- The task -
Retype the listing exactly. Leave out the images.

- Collected data -
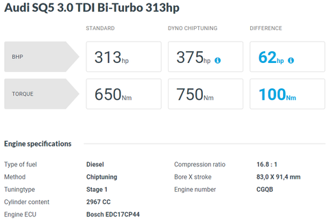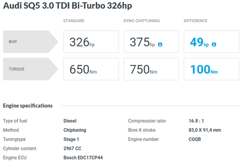 다음은 SQ5 입니다. SQ5의 경우엔 국내에 313마력과 326마력 두 가지 버전으로 판매되었습니다. 역시나 두 엔진의 최종 데이터는 동일하지요. (요소수 들어가는 모델부터는 엔진형식이 CVU로 바뀌는 걸로 알고 있는데, 오류인지 그냥 CGQ형식으로 기재돼 있네요)
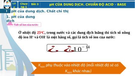 pH CỦA DUNG DỊCH. CHUẨN ĐỘ ACID - BASE P ng 1 1 1 LỚ Chươ BÀI 3
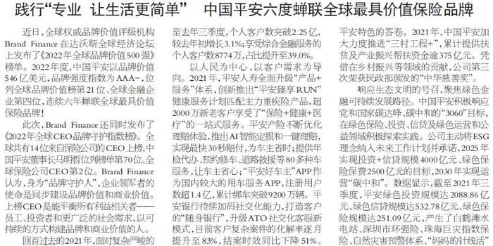 践行“专业 让生活更简单” 中国平安六度蝉联全球最具价值保险品牌

- Result for this task -
 다음은 SQ5 입니다. SQ5의 경우엔 국내에 313마력과 326마력 두 가지 버전으로 판매되었습니다. 역시나 두 엔진의 최종 데이터는 동일하지요. (요소수 들어가는 모델부터는 엔진형식이 CVU로 바뀌는 걸로 알고 있는데, 오류인지 그냥 CGQ형식으로 기재돼 있네요)
 pH CỦA DUNG DỊCH. CHUẨN ĐỘ ACID - BASE P ng 1 1 1 LỚ Chươ BÀI 3
 践行“专业 让生活更简单” 中国平安六度蝉联全球最具价值保险品牌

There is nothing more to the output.